AI coding tools are making software engineers dramatically more productive, but early adopters like Django co-creator Simon Willison say the mental toll is steep and unsustainable at current pacing.
Simon Willison has been building software for over two decades. He co-created Django, one of the most widely used web frameworks in the world, and has spent years thinking about how developers work. So when he says that using AI coding agents leaves him mentally drained by 11 a.m., it is worth paying attention. Willison described the experience on a recent episode of Lenny's Podcast, explaining that he regularly fires up four autonomous AI agents in parallel to tackle separate problems simultaneously. The output is impressive. The exhaustion is something he did not anticipate.
His account cuts against the dominant narrative in the AI industry right now. Companies like OpenAI, Anthropic, and Google DeepMind are racing to build autonomous agents that handle complex tasks with minimal human input. Investors and executives frequently describe a near future where AI handles the heavy lifting and humans focus on higher-level thinking. But the reality for engineers actually using these tools today looks different. They are not stepping back. They are leaning in harder, managing multiple AI workflows at once, reviewing more generated code, and making faster decisions across more fronts. The work shifts from writing code to orchestrating and evaluating it, and that requires a different kind of mental energy.
Willison is careful to say he remains genuinely bullish on AI tools. They have accelerated his research, helped him build faster, and expanded what he can accomplish in a single morning. The problem is intensity, not capability. Running several agents in parallel means constantly context-switching, reviewing outputs, correcting errors, and deciding what to delegate next. It is cognitively demanding in a way that traditional coding, for all its frustrations, is not. As Business Insider reported, Willison noted that the fatigue has become more pronounced since November, when more capable agentic systems and open-source tools made parallel workflows practical for everyday use.
He is not alone in noticing the pattern. Engineers across the industry have described similar experiences in online forums and private conversations. There is a compulsive quality to it, Willison warned. When you know your agents can keep working while you sleep, the temptation to stay up another 30 minutes becomes hard to resist. He likened it to a new skill that workers have to develop, which is learning where their limits are in an environment where those limits have suddenly moved.
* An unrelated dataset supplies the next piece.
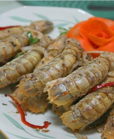 Deep fried mantis shrimp with garlic and chili peppers
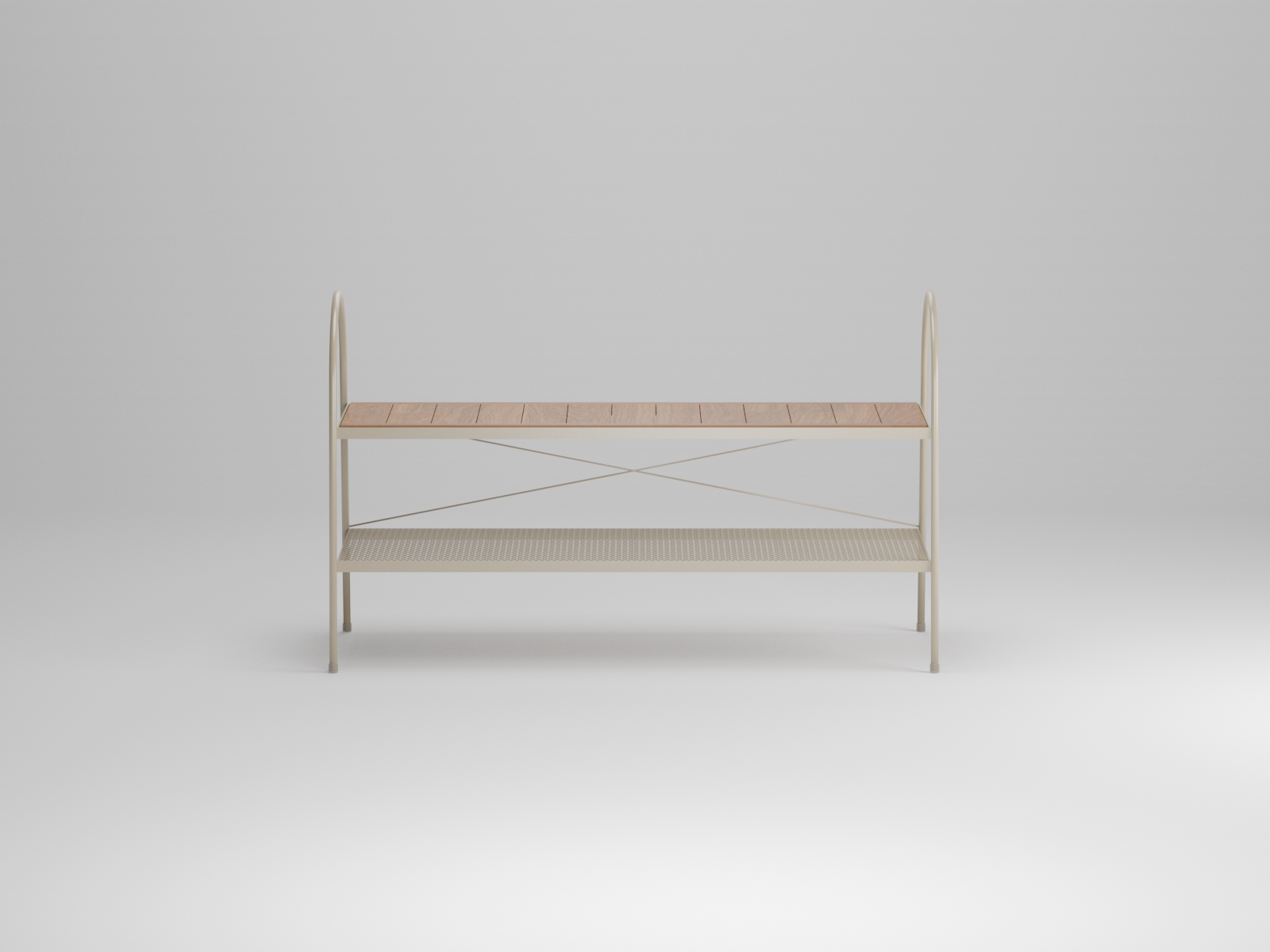 Librement inspiré du profil svelte, courbé et distinctif du marchepied Parvis, ce banc long est robuste et franchement pratique. Ses 2 niveaux, l’un pour s’asseoir ou poser un sac et l’autre offrant du rangement, ont des personnalités uniques. Un long plateau de chêne blanc plaqué pour le confort et en-dessous, une trame de tiges d’acier pour les chaussures. Les pattes, qui deviennent poignées dans le haut du meuble, permettent de déplacer la pièce avec aisance. Disponible dans nos 5 couleurs classiques: jaune, vert, lilas, noir ou crème.

That observation aligns with warnings from researchers including Gary Marcus, professor emeritus of psychology and neural science at New York University, and writers at Harvard Business Review, who have argued that AI tools risk stretching workers thinner rather than lightening their load.
What This Means for Startups and Engineering Teams
The implications for startups are significant. Founders and engineering leads are under enormous pressure to adopt AI tools and demonstrate productivity gains. The market is moving fast. GitHub reported that developers using its Copilot tool completed tasks 55 percent faster on average, and venture capitalists are pouring billions into AI-native development platforms. But speed without sustainability is a liability, especially for small teams where burnout can cripple an entire product roadmap.
Engineering managers need to think carefully about how they roll out these tools. There is a meaningful difference between using AI to eliminate tedious, repetitive work and using it to compress complex, high-judgment tasks into shorter timeframes. The first approach frees people up. The second squeezes them. Both look productive in the short term, but only one is sustainable. Teams that treat AI agents as a way to do more of everything, rather than to do the right things faster, risk repeating the same mistakes that the always-on work culture already inflicted on the tech industry over the past decade.
The broader industry conversation also deserves more scrutiny. Anthropic engineer Boris Cherny suggested earlier this year that the software engineer job title could disappear from the US workforce within months. OpenAI investor Vinod Khosla has predicted that most children today will never need to work. These are provocative claims, and they serve a purpose in shaping investor sentiment and public perception. But for the engineers actually living with these tools right now, the future feels less like liberation and more like acceleration without a speed limit.
Willison's experience is a useful corrective. He is not a skeptic or a luddite. He is an accomplished engineer who uses AI tools daily, sees their value clearly, and is honest about what they cost. The industry should take that honesty seriously. If the people building with AI are burning out faster than before, the problem is not with the engineers. It is with the expectations being layered on top of them.